Well well…. another normal night in Worthing for me. my train pulls into Worthing train station and I am presented with a 10 pound penalty fare for not having a ticket so I pay the cost of my journey and put the fine in my pocket. On my departure of Worthing train station I try to avoid the cars that race up and down and round and round the Teville Gate (Car Park) area, beeping horns, reving engines, wheels spinning, boots open pumpinmg out bassy house music, I walk on……
Passing hooded figures in the dark, groups of girls wearing cheap jewellery and matching sportswear and white trainers shouting amongst themselves MEEECHELLE OH COME ON!!!!!! F**K OFF CHARDONAY YOU SLAG!!! OI DAZ? WHERE YOU GOIN? GOT A LIGHT MATE? OI, GOT 50p?
Anyway, I managed to avoid the group by crossing the road looking down at the ground, watching my flared chords flap against each leg, I zip up my parka and keep quiet.
I enter the offie and grab 6 Stellas, no way I’m out round town tonight!
I walk on… passing EDEN, it’s dead in there, pass Wheatherspoons, cor it’s ever so bright, just like a supermarket! I see a bunch of townie girls all cleavaged up, I cross over towards the TOAD (girls night, they get free drinks)
OI WHAT YOU FUCKIN LOOKIN AT MATE? I’ll CUT YA IF YOU ARE CHECK OUT MY BIRD! oh dear…
Chatsworth Road is packed full of chavs, souped up Novas and Cavaliers zooming up and down
Someone gets thrown out of the ASSEMBLY in front of me, it kicks off!
I run off to my mates for the evening!
might go out for last orders…… or maybe even the club up the road where everyone is over 30!

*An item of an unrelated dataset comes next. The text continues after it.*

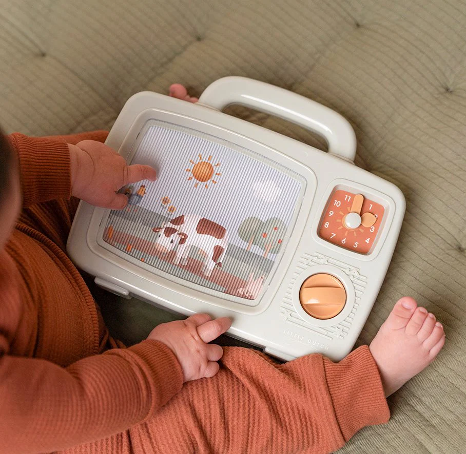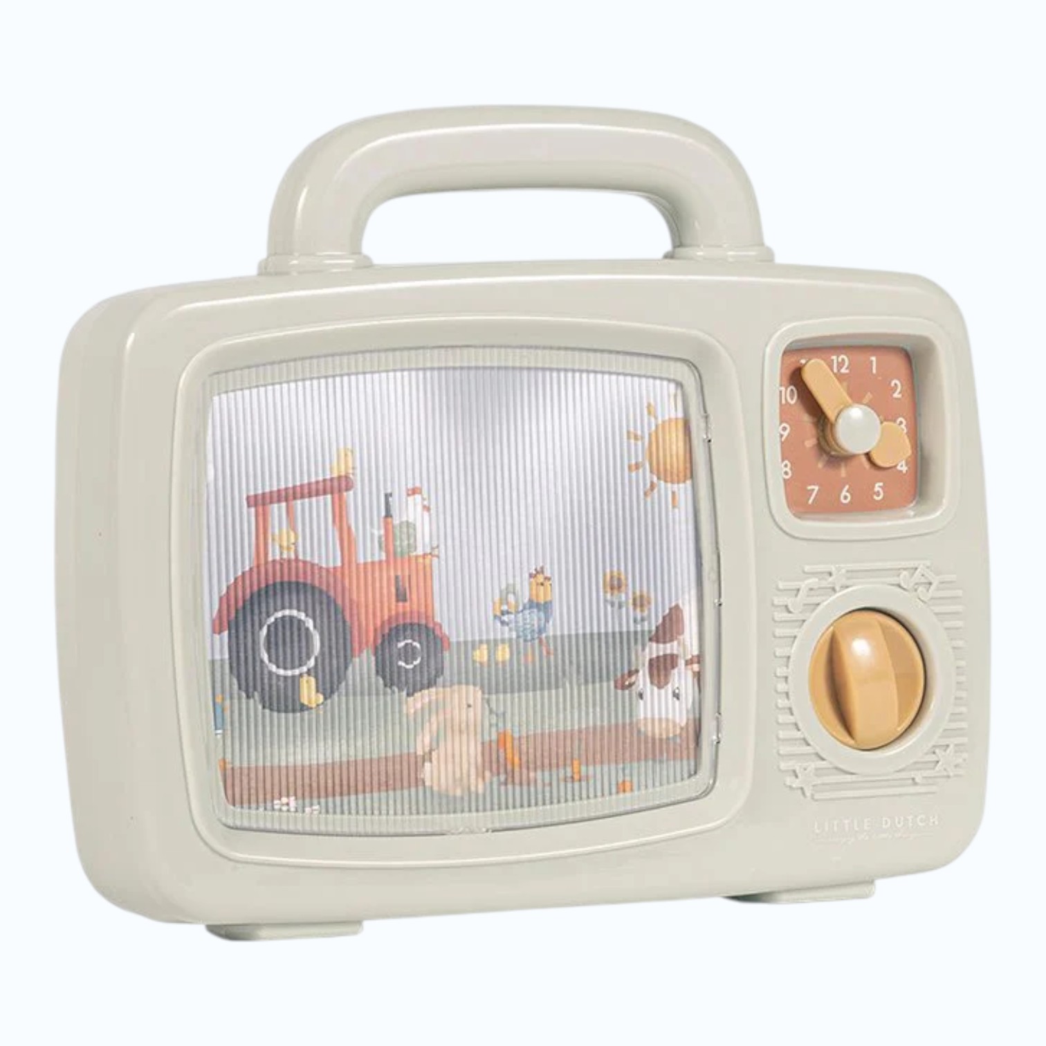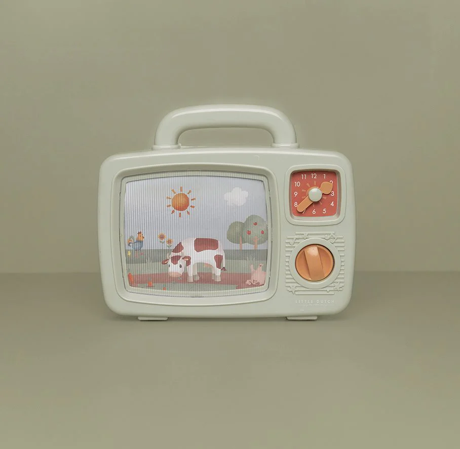 De Little Dutch Little Farm Muziek TV is een vrolijke muziekdoos met een bewegende animatie die kinderen blijft fascineren. Draai aan de knop en luister naar een gezellig muziekje terwijl de schattige boerderijdieren over het televisiescherm bewegen. Dankzij het handige handvat neem je deze leuke muziekdoos eenvoudig overal mee naartoe. Perfect als speels en decoratief item in de kinderkamer.

I’m not scared! Barred from most places thank god! lol
Littlehamptons big brother- Worthing. A town so steeped in right wing chavism that when the Arts World requested a statue of Oscar Wilde (he wrote many plays here) in the town centre- the authorities said no- a gay man in a chav town would be just too much for the locals.
The town is a strange mixture of very old people who all fought in the war and… chavs. Every corner has a chav girl with her (minimum) two trainee toddler chavs. Five feet walking in front is the latest chav boyfriend with his two chav mates checking out the security at every supermarket- chavs don’t like paying for things in Worthing.
The town centre still has a thriving wimpy- the restuarant choice of the local chav hordes. The pub chains are all here- giving the chav a chance to enter, fight be thrown out- and then do it again up the road. Unfortunately for door staff the chavs all look the same and make up 92 per cent of the population so theres little chance of chav exclusion from night spots.
Most towns have one plus point- a good bit. Not Worthing. If Littlehampton is the out of control teenager then Worthing is the older brother that influences all the way to the local police station. With its ugly sister, Bognor, just down the road, this chav family of towns is crying out for global warming to raise the sea level.